- [Activity]
Using the records below, reproduce exactly the lines from the one containing "이팝나무. 김경락 기자. |" through the end, and nothing more; skip the images.

Segment Start: Material supplied

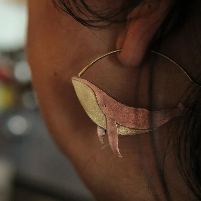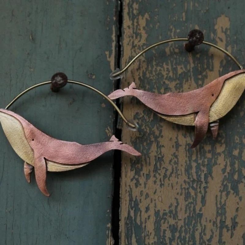 Двухцветные серьги-кольца с китовой акулой для женщин, милые шикарные серьги-подвески, новинка 2024 года, подарок для вечеринки
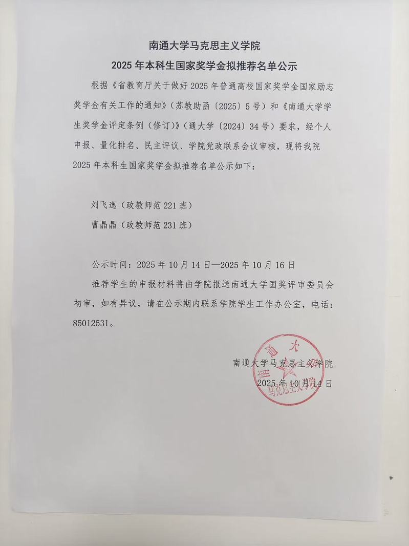 南通大学学院2025年本科生国家奖学金拟推荐名单公示
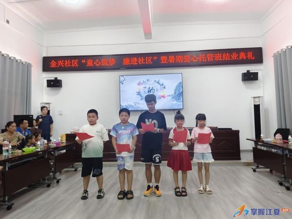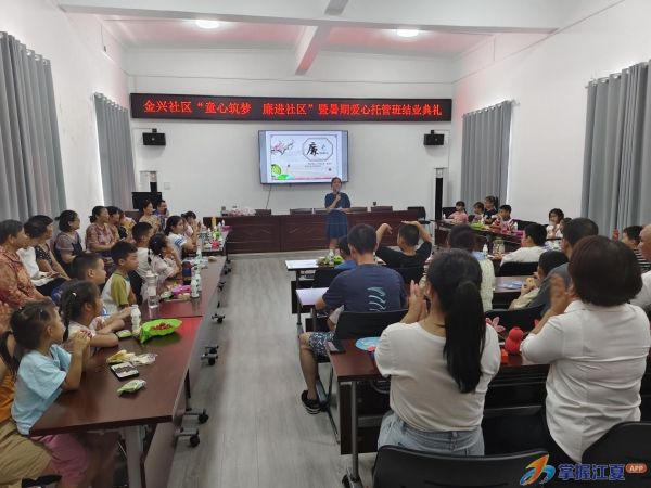 “幼鸟飞Young”暑期爱心托管班是金兴社区自去年起积极回应职工家庭无暇照管子女的诉求,响应“双减”政策,联合湖北经济学院金融学院“金苗”支教队采用校社合作托管模式实施的暑期爱心托管班。在结业式上,孩子们“变身”歌唱达人、小品名角、舞蹈天才,为大家带来精彩绝伦的表演。最后,结业式在金兴社区全体工作人员为大家朗诵的《廉洁颂》声中圆满结束。
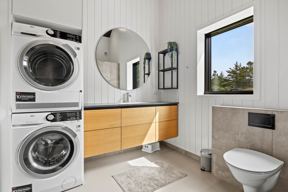 Ihr findet hier 2 Bäder, Waschmaschine, Wäschetrockner und eine energiesparende Wärmepumpe. Die Endreinigung ist in diesem Sommerhaus gratis.
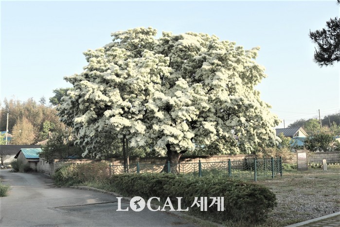▲천연기념물 제183호로 지정된고창군 대산면 중산리 이팝나무. 김경락 기자. |
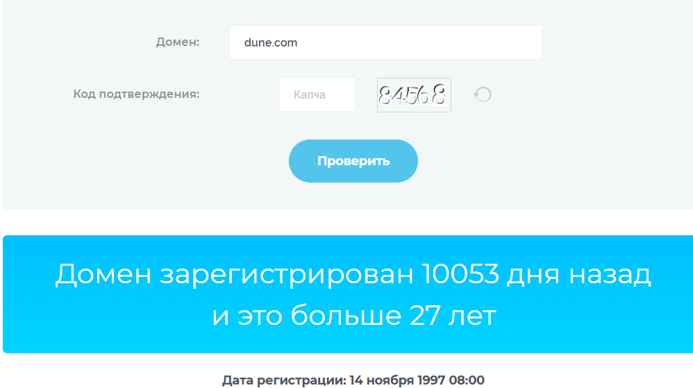 Проверка домена сайта «Дюн ком» и страниц на сторонних источниках
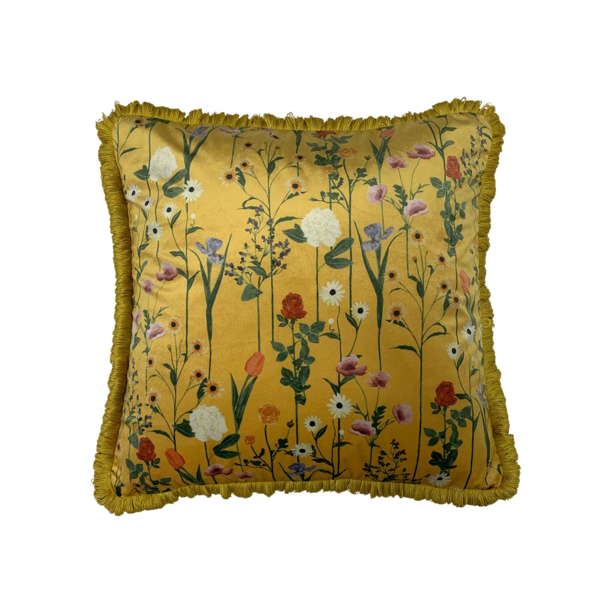 A beautiful and bold hand-painted botanical print, Fleura features delicate stems of soft petalled flowers on a plush ochre velvet. Finished with soft looped fringe trim, this cushion is an eye-catching accessory suitable for any space.
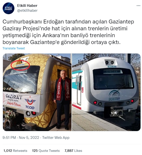 “Cumhurbaşkanı Erdoğan tarafından açılan Gaziantep Gaziray Projesi’nde hat için alınan trenlerin üretimi yetişmediği için Ankara’nın banliyö trenlerinin boyanarak Gaziantep’e gönderildiği ortaya çıktı.”
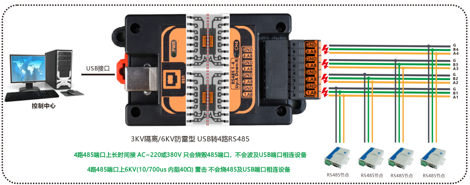 4路RS485串口与USB接口带3KV隔离当长时间接入AC~220V或AC~380V高压时只烧RS485接口,不烧USB口及相连设备

Segment End: Material supplied

- [Expected answer]
▲천연기념물 제183호로 지정된고창군 대산면 중산리 이팝나무. 김경락 기자. |
 Проверка домена сайта «Дюн ком» и страниц на сторонних источниках
 A beautiful and bold hand-painted botanical print, Fleura features delicate stems of soft petalled flowers on a plush ochre velvet. Finished with soft looped fringe trim, this cushion is an eye-catching accessory suitable for any space.
 “Cumhurbaşkanı Erdoğan tarafından açılan Gaziantep Gaziray Projesi’nde hat için alınan trenlerin üretimi yetişmediği için Ankara’nın banliyö trenlerinin boyanarak Gaziantep’e gönderildiği ortaya çıktı.”
 4路RS485串口与USB接口带3KV隔离当长时间接入AC~220V或AC~380V高压时只烧RS485接口,不烧USB口及相连设备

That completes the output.